I'll see if it actually happens.


----------



## science (Oct 14, 2010)

This is an excellent question, because in the past 15 years my tastes have wandered. For awhile Chopin was my main man, then Mozart, then Brahms. I've been thinking I was getting into a Beethoven or a French romanticism phase, but now it looks like I'm just in a general baroque phase. (Meanwhile of course I listened to a little bit of everything else too.) In the last 3 years or so, jazz has been changing my life. 

All of that is meant to illustrate that I really can't guess what I'll be loving in 5, 10 or 15 years. I hope I have those years, though!


----------



## emiellucifuge (May 26, 2009)

Currently im Liberalising - recently getting into Boulez, Nono, Ligeti etc... I definitely think I will one day have a reactionary phase going back to simpler early romantic - baroque. But in the long run ill probably maintain my love for the early 20th century romantics while keeping an open mind for all the other stuff.

Why dont you like Stravinsky?


----------



## Huilunsoittaja (Apr 6, 2010)

emiellucifuge said:


> Why dont you like Stravinsky?


He was EVIL!  He called Prokofiev an idiot, and he insulted Glazunov as many times as he could get the chance!! Nor do I like much of his philosophy on music.

But besides that, I'm starting to get use to his music. I've liked the Firebird for a long time, that's definitely Russian. What's often missing is that classic "Russian" style which I love most, even Prokofiev held true to this factor. But Stravinsky became more like a French Impressionist, so if I ever were to start liking him, I would admire him for that reason, and not as a Russian composer.


----------



## emiellucifuge (May 26, 2009)

Okay but in some ways hes more russian than Prokofiev due to his use of Russian folk melodies (ala Le Sacre), which I dont believe Prokofiev used?


----------



## Aramis (Mar 1, 2009)

emiellucifuge said:


> Okay but in some ways hes more russian than Prokofiev due to his use of Russian folk melodies (ala Le Sacre), which I dont believe Prokofiev used?


Using existing folk tunes is not determinant of being national composer. It's ability of writing original ones that reflect folk music and more metaphysical aspects of national tradition.


----------



## Webernite (Sep 4, 2010)

I think I'll probably be a fanatical Wagnerian.


----------



## Edward Elgar (Mar 22, 2006)

At present I enjoy the canon. I.e. Bach, Mozart/Haydn, Beethoven, Brahms/Wagner, Schoenberg & Co., Ligeti and other significant contemporary figures.

I predict I will grow to like early music (Renaissance/Baroque) although I don't much like it now. I hope I also develop a better understanding and appreciation of Jazz. I've started off with Miles Davis and love his work so I think I'll go from there if anyone wants to point me in the right direction.


----------



## Huilunsoittaja (Apr 6, 2010)

emiellucifuge said:


> Okay but in some ways hes more russian than Prokofiev due to his use of Russian folk melodies (ala Le Sacre), which I dont believe Prokofiev used?


Mmm...

Well, use of Folk melodies is one thing. But... Orchestration, texture, atmosphere, that's what I mean by Russian.

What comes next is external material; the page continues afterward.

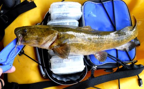 I got out on the river the other day, a less than average day. What you might call a slow day. It rained on me for about an hour. It was one of those days when you dig deep in the tackle box and start fishing with lures that haven't touched the water yet. I didn't catch any thing big or very many but I always enjoy the float. I did have two first...caught a fish on a bright red craw colored crankbait, I've never used red, and caught my first flathead. It just so happened they both happened at the same time. The good new is Alice is sea, river, worthy again. So for anyone who has a hole in your HDPE kayak and can't plastic weld it, the answer is G/FLEX, thanks Flysmallie. I thought I would post pics of where the hole was, inside the scupper hole and the flathead. Released them all, Great day on the river...... This post has been promoted to an article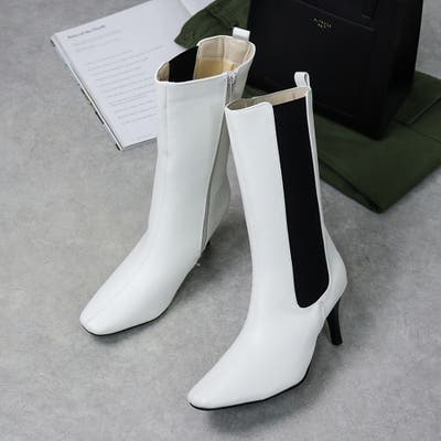 7.5cmヒール スクエアトゥ サイドゴア ミドル ブーツ ☆9103

True, Prokofiev was very very Unrussian sometimes, but he quit being like that after a few years.


----------



## emiellucifuge (May 26, 2009)

Why?

The folk music of a nation takes its characteristics from its rhythmic or harmonic qualities. Whether you directly use them or imitate them shouldnt detract from the distinctly russian (in this case) sound.


----------



## Aramis (Mar 1, 2009)

emiellucifuge said:


> Why?
> 
> The folk music of a nation takes its characteristics from its rhythmic or harmonic qualities. Whether you directly use them or imitate them shouldnt detract from the distinctly russian (in this case) sound.


The greatest achievements of national styles belong to those works and composers which were creative enough to process folk music and incorporate it's essence into their music. Quotations from folklore and much easier and if you will look deeper into history of the subject, you will see that there are plenty of forgotten composers who thought that developing national style equals writing fugues and variations on melodies taken straight from folklore. Those who still are remembered did a lot more than that. I recommend you to read writings by Szymanowski that are devoted to this subject. They reveal greater truth of national music (as a whole) and refute shallow stereotyphes and views on this matter.

I don't want to decide if Stravisnky is more Russian than Prokofiev or contrary. I'm just saying that IF he is more Russian, it's not because he quotes folk tunes, it means very little.


----------



## emiellucifuge (May 26, 2009)

Maybe I will. He doesnt quote folk tunes anyway, just uses the modes.


----------



## Aramis (Mar 1, 2009)

emiellucifuge said:


> Maybe I will. He doesnt quote folk tunes anyway, just uses the modes.


I think bassoon melody opening Rite of Spring is quotation.


----------



## World Violist (May 31, 2007)

I'm sorta reactionalizing right now, getting deeper still into Sibelius and Bruckner, and introducing Webern into my listening. Rather large step from Norgard/Boulez.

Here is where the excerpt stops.